Any advice or comments would be greatly appreciated.


----------



## sitegrader (Oct 18, 2007)

To start with, if you're turning that kind of money year after year you diffently need at least a good take off program. I've been using Paydirt since 1986 and have always gotten good results with it. You can still buy Paydirt and their support group is really good but I don't believe they are advancing the program to the next level any more. If you're on annual support, you get a little de-bug update every year or so. Ag-Tech makes a good program that has gained alot of popularity over the years, the only complaint I hear from Ag-Tech users is that upgrades can be real expensive. Paydirt charges around $400.00 a year for maintenance and support and is really worth the cost.
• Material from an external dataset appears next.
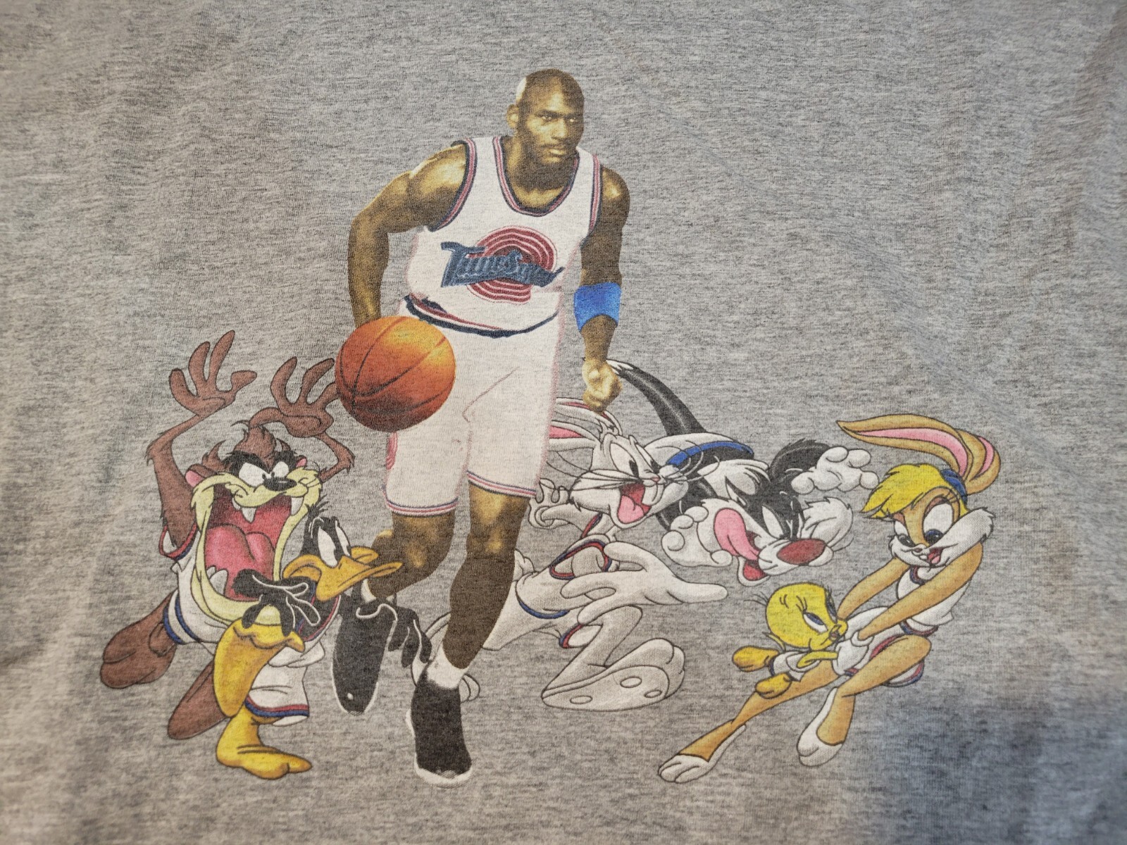 Vintage 1995 Space Jam Movie Long Hoodie Shirt. Large graphic on ches of Michael Jordan, Bugs Bunny, and the rest of the crew. Made in the USA. Size XL, measures approx 22 1/2" chest x 28" length. Sleeves are approx 18" long. Please use measurements provided for approximate size.
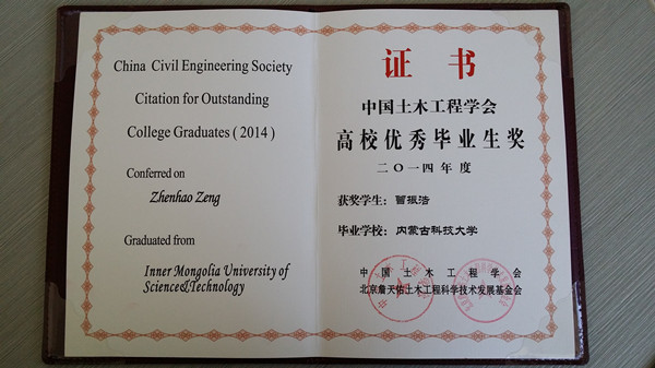 日前,2014年中国土木工程学会高校优秀毕业生奖评选结果揭晓,万象城官网建工学院工程管理专业2010级本科生曾振浩同学当选。11月22日,第七届工程管理院长(系主任)会议在深圳大学召开并现场颁奖。

I also own Carlson Takeoff which does takeoffs as well as builds 3-D models that we use on our on-board GPS Systems. I haven't tried any of the cost based estimating systems because what we do can differ a lot from day to day which screws up the cost based analysis based on crew size and machine type. I've spent several years developing and modifying my own excel workbook to build my bids easier. I've never dealt with any of the project (job) management programs, my plates pretty full most of the time between bidding and building 3-D models for our machines. Good luck on your search, and I hope business is better where you are than here in Texas.


----------



## rino1494 (Jan 31, 2006)

I don't bid to many large jobs, so I use a company online that does it for me. I e-mail them the .pdf's and within 2-3 days I have a complete takeoff sheet. It includes stripping, cut and fills, SY's for sidewalks , pavement, landscape and lawn area's and fine grade areas. They even gave me a 3-D model of the site. Cost me $350. They also do pipework take offs and erosion control.


----------



## Z656 (Jan 12, 2008)

I bought Siteworx on screen 1450.00 made by Vertigraph.com. Dose cut fills and trenching 3d modeling.Go to there website free 14 day trial.I even go to job sites with didital camera take pictures of plans download into program.Great for plan rooms. They came out program last year and have been upgrading it periodicly.Turned out to be great program for me. Try it you might like it?


----------



## Bob Kovacs (May 4, 2005)

There are tons of programs out there, ranging in price from $1500 for SiteWorx to over $15,000 for Agtek, and every price point in between. It's hard to say whether it makes sense for you to buy software or just use a company like Rino suggested, without knowing how much bidding you do, many jobs you do and their typical size. If you're constantly bidding work, it may make sense to invest the time and money into a decent program- if you're not consistently bidding, I'd look at outsourcing the takeoffs, and then using Excel to build a template for pricing.


----------



## rino1494 (Jan 31, 2006)

I forgot to give the web address for the company I use.

http://www.ashingtonestimating.com/


----------



## JDavis21835 (Feb 27, 2009)

rino1494 said:


> I forgot to give the web address for the company I use.
> 
> http://www.ashingtonestimating.com/


Im just curious as to how this works out for you. What happens if they miscalculate something and you have the job. Lets say you are short on stone for trench backfill. Do they eat the cost of the mistake? Im just not really sure on letting someone doing for my jobs


----------



## jlrc (Jul 22, 2009)

k&Kconstruction said:


> I have read many post about different software used for sitework take-offs, bidding, and job managment. I have absolutely no experience with any of this and currently do everything the old fashion way, pin and pad. I am wondering if there is anything out there that would be beneficial to us. We do 2-3 million dollars of work a year, hiring 8 full time employees. Our work includes everything from building ponds and house pads, hauling dirt and rock, and the largest portion from small to medium commercial site prep.
> Any advice or comments would be greatly appreciated.


 
For you there is a low cost program you should check out called siteworks, its by vertigrah. download the demo off their site before you buy, that one is one of the base models for on screen take off but it should give you an idea what you are looking at. I personally prefer InSite.


----------



## Blas (Jan 29, 2008)

We are currently using pay dirt but I have been checking out insite. They have pdf takeoff capabilities so no more printing plans but am more or less interested in the Field General survey interface software. Seems cool but we will see. I would recommend pay dirt. relativity inexpensive stupid easy to set up and operate. It is software that you can grow with.:thumbup:


----------